Assigned task: Exact transcription, pictures omitted: begin at the top line of the records below and end with the line bearing "وواحدة في اثنتين،".

BEGIN Given records

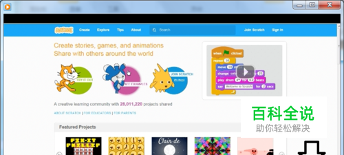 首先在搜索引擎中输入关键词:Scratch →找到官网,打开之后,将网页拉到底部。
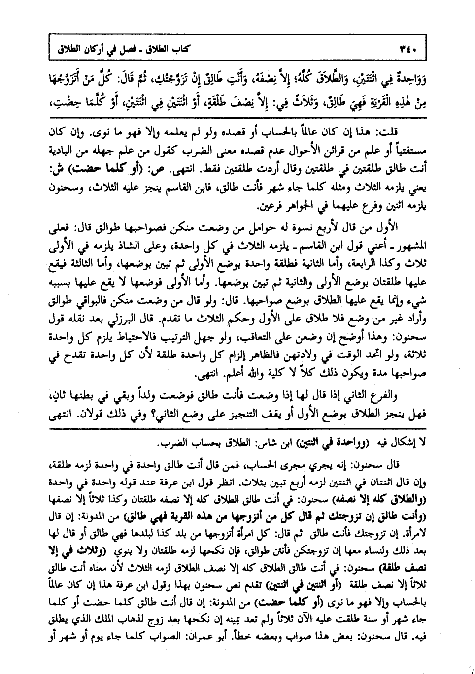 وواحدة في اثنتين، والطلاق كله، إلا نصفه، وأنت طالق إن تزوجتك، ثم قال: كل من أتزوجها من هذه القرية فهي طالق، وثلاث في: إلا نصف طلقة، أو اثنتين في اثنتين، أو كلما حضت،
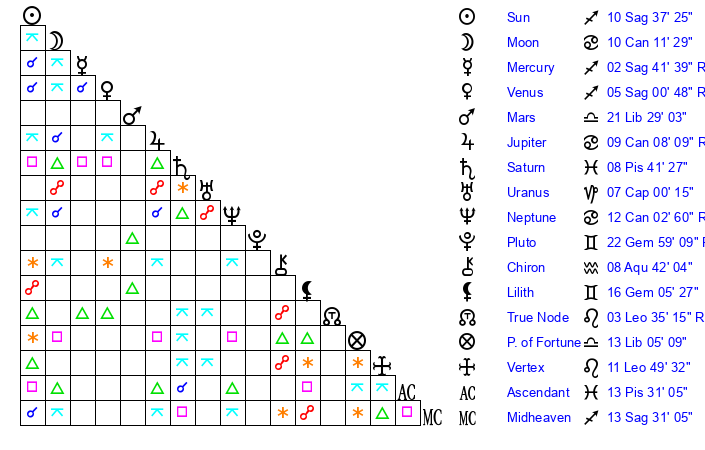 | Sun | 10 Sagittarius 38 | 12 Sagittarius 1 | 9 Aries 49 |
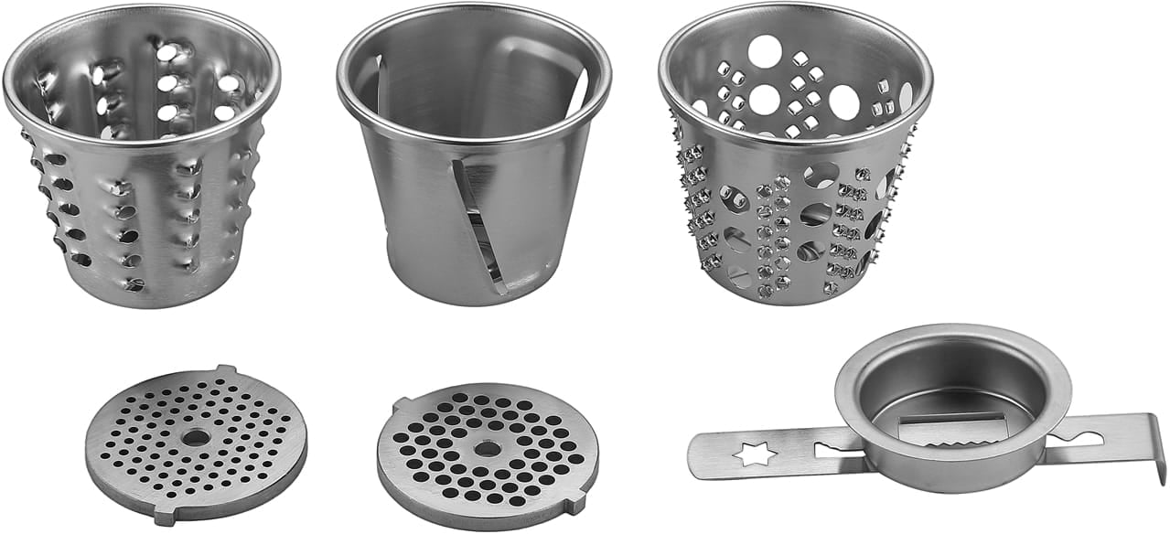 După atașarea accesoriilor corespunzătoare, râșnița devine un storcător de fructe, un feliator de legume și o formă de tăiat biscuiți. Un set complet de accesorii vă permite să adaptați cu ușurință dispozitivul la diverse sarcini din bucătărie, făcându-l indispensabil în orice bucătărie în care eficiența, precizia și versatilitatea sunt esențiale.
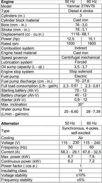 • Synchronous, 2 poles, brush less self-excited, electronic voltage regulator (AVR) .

END Given records

Task response:
 首先在搜索引擎中输入关键词:Scratch →找到官网,打开之后,将网页拉到底部。
 وواحدة في اثنتين، والطلاق كله، إلا نصفه، وأنت طالق إن تزوجتك، ثم قال: كل من أتزوجها من هذه القرية فهي طالق، وثلاث في: إلا نصف طلقة، أو اثنتين في اثنتين، أو كلما حضت،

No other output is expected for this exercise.